Requiring bindings to be declared with mut
(such as in let mut list = vec![Apple, Pear, Banana];
) helps making clear that we are allowed to create mutable references to the list (and that what is list
in this scope can change throughout this scope).
Let's compare this with an example in Python:
#!/usr/bin/env python3
def get_last_element1(fruits):
return fruits[-1]
def get_last_element2(fruits):
return fruits.pop()
fruitsA = ("Apple", "Pear", "Banana") # non-mutable tuple
get_last_element1(fruitsA)
#get_last_element2(fruitsA) # this would cause an error
fruitsB = ["Apple", "Pear", "Banana"] # mutable list
print(get_last_element1(fruitsB)) # does this modify `fruitlist`?
print(get_last_element2(fruitsB)) # does this modify `fruitlist`?
Python3 allows us to create a list of fruits as an immutable tuple fruitsA
or mutable list fruitsB
. Thus, if we write get_last_element2(fruitsA)
, we will get a runtime error, because get_last_element2
will try to modify the tuple (which doesn't work).
But when we later write these two lines:
print(get_last_element1(fruitsB)) # does this modify `fruitlist`?
print(get_last_element2(fruitsB)) # does this modify `fruitlist`?
Then it's very hard to tell which of these two lines actually modify fruitsB
here.
Another example in Python:
#!/usr/bin/env python3
fruitsalads = [["Apple", "Pear"], ["Apple", "Banana"]]

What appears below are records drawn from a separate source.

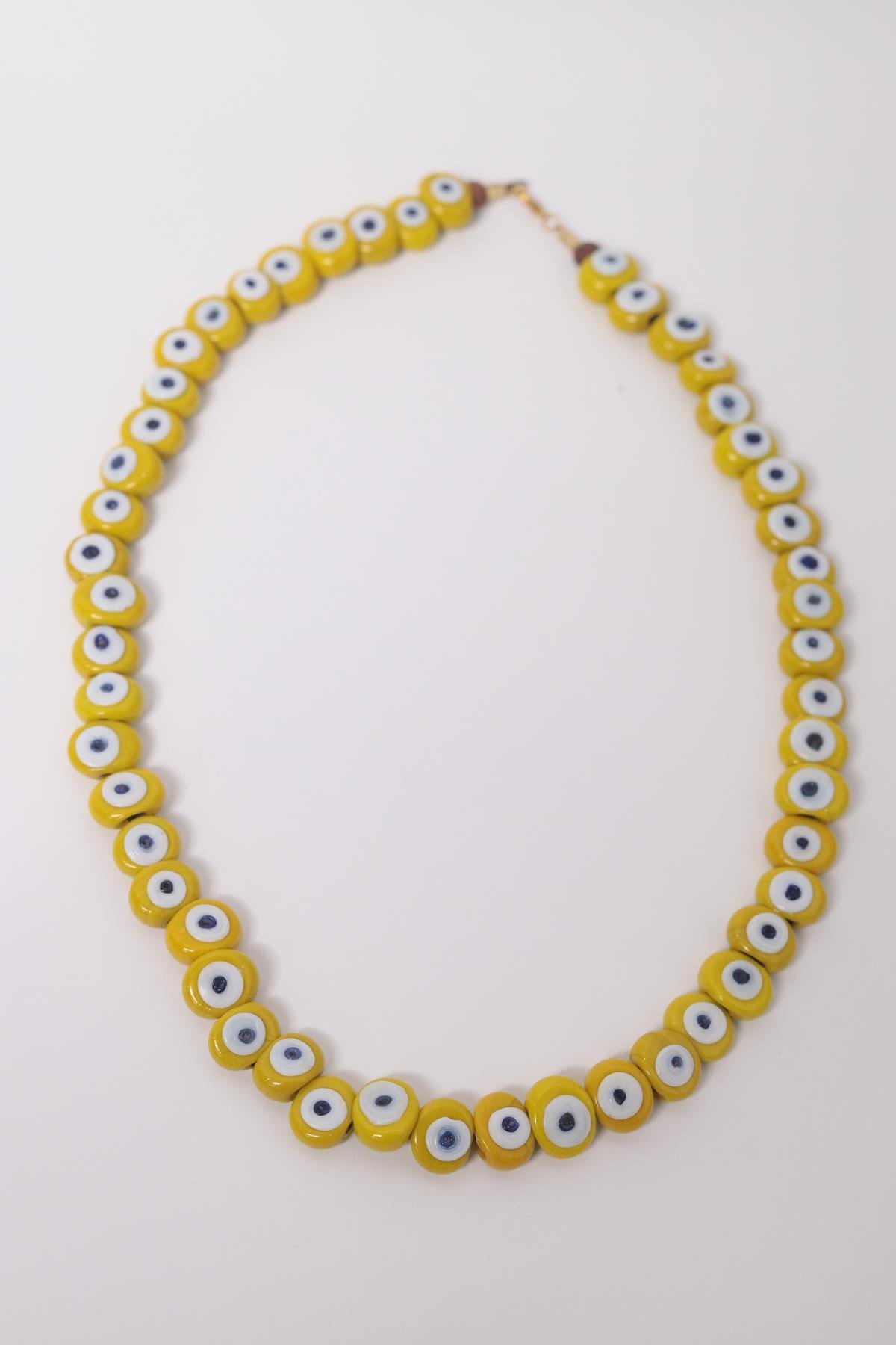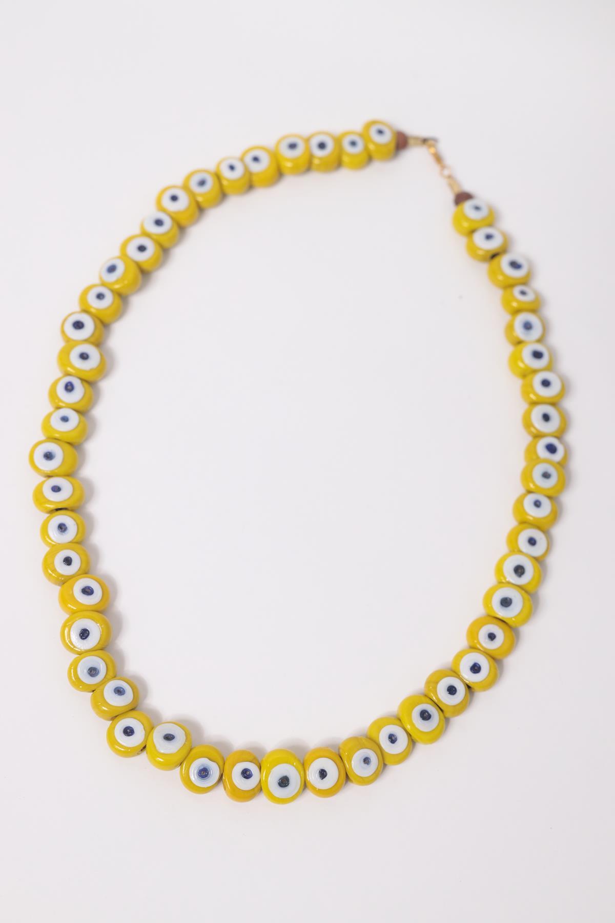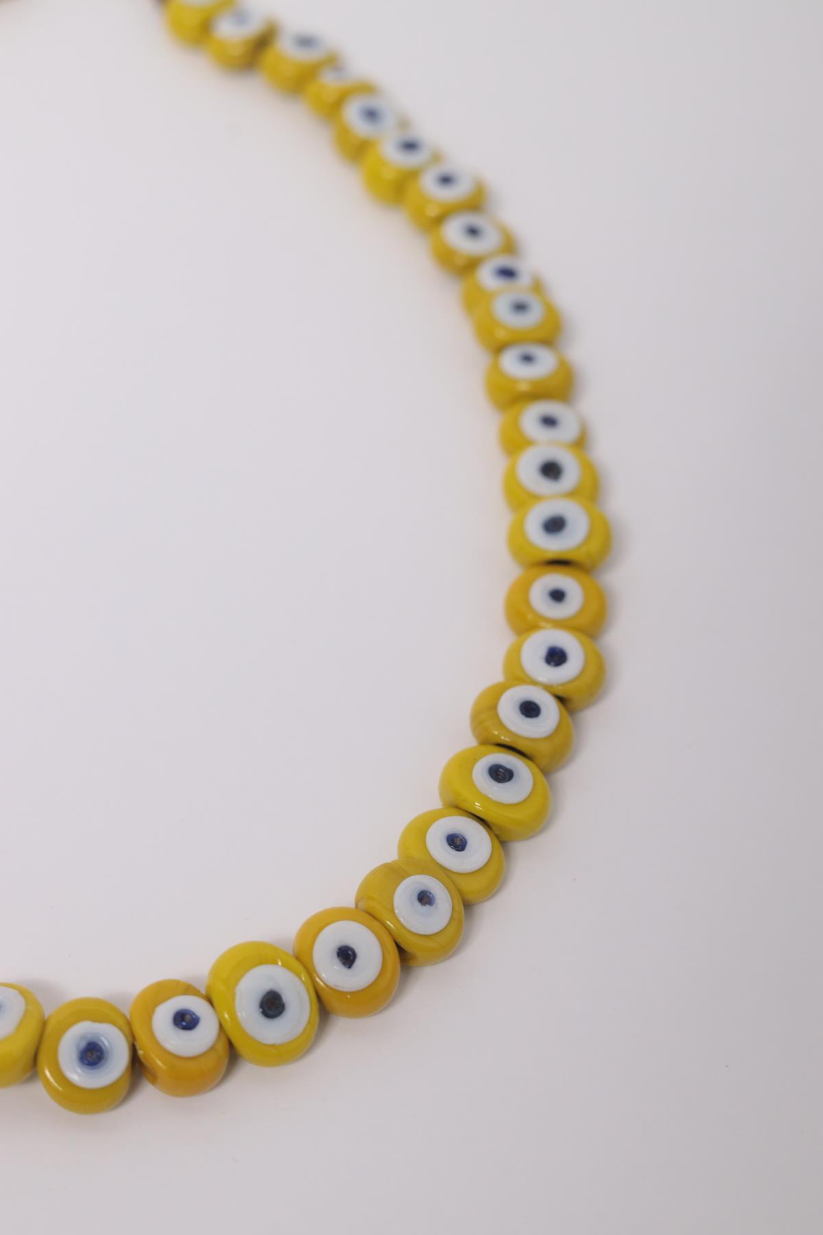 Sarı Cam Nazar Boncuklu Tasarım Kolye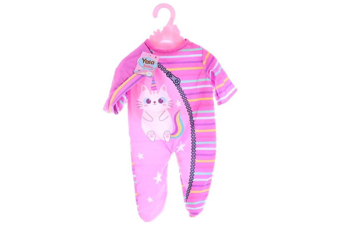 Сладък комплект дрешки за кукла с мотив котенце, включващ удобни ританки и съчетана шапчица. Идеален за кукли около 32 см, лесен за обличане и чудесен за детски игри и развитие на въображението. Мек материал, практична опаковка на закачалка и милият дизайн ще зарадват всяка малка майка.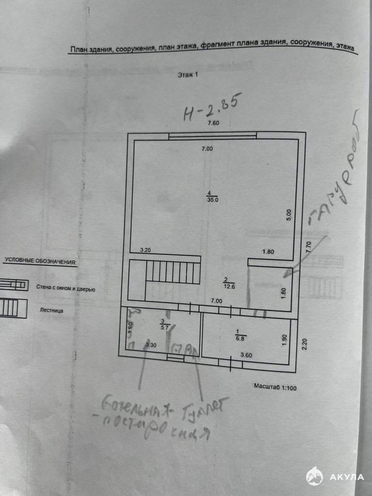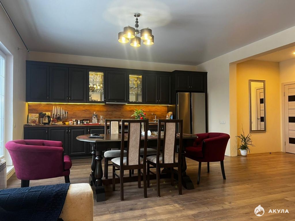 - на 1 м этаже: кухня-гостиная 35 кв.м; теплые полы, гардеробная 3, 6 кв.м.; тамбур, котельная, санузел.

# Let's try to make fruitsalads immutable:
fruitsalads = tuple(fruitsalads)
#fruitsalads.pop() # this would cause an error now
fruitsalads[0].pop() # but we can still mutate the contained first list
print(fruitsalads)
This will print:
(['Apple'], ['Apple', 'Banana'])
Despite our attempt to make fruitsalads
immutable.
In Rust, we'd be protected from these problems, because if we only have a shared reference to the outer Vec
, we cannot use that to get a mutable reference to the inner Vec
:
fn try_to_modify(vec: &Vec<Vec<i32>>) {
vec[0].pop();
}
fn main() {
let mut vec_of_vecs = vec![vec![1, 2], vec![3, 4]];
vec_of_vecs.push(vec![5, 6]);
try_to_modify(&vec_of_vecs);
}
(Playground)
Errors:
Compiling playground v0.0.1 (/playground)
error[E0596]: cannot borrow `*vec` as mutable, as it is behind a `&` reference
--> src/main.rs:2:5
|
1 | fn try_to_modify(vec: &Vec<Vec<i32>>) {
| -------------- help: consider changing this to be a mutable reference: `&mut Vec<Vec<i32>>`
2 | vec[0].pop();
| ^^^ `vec` is a `&` reference, so the data it refers to cannot be borrowed as mutable
For more information about this error, try `rustc --explain E0596`.
error: could not compile `playground` due to previous error
So Rust distinguishing between all these cases really serves a purpose.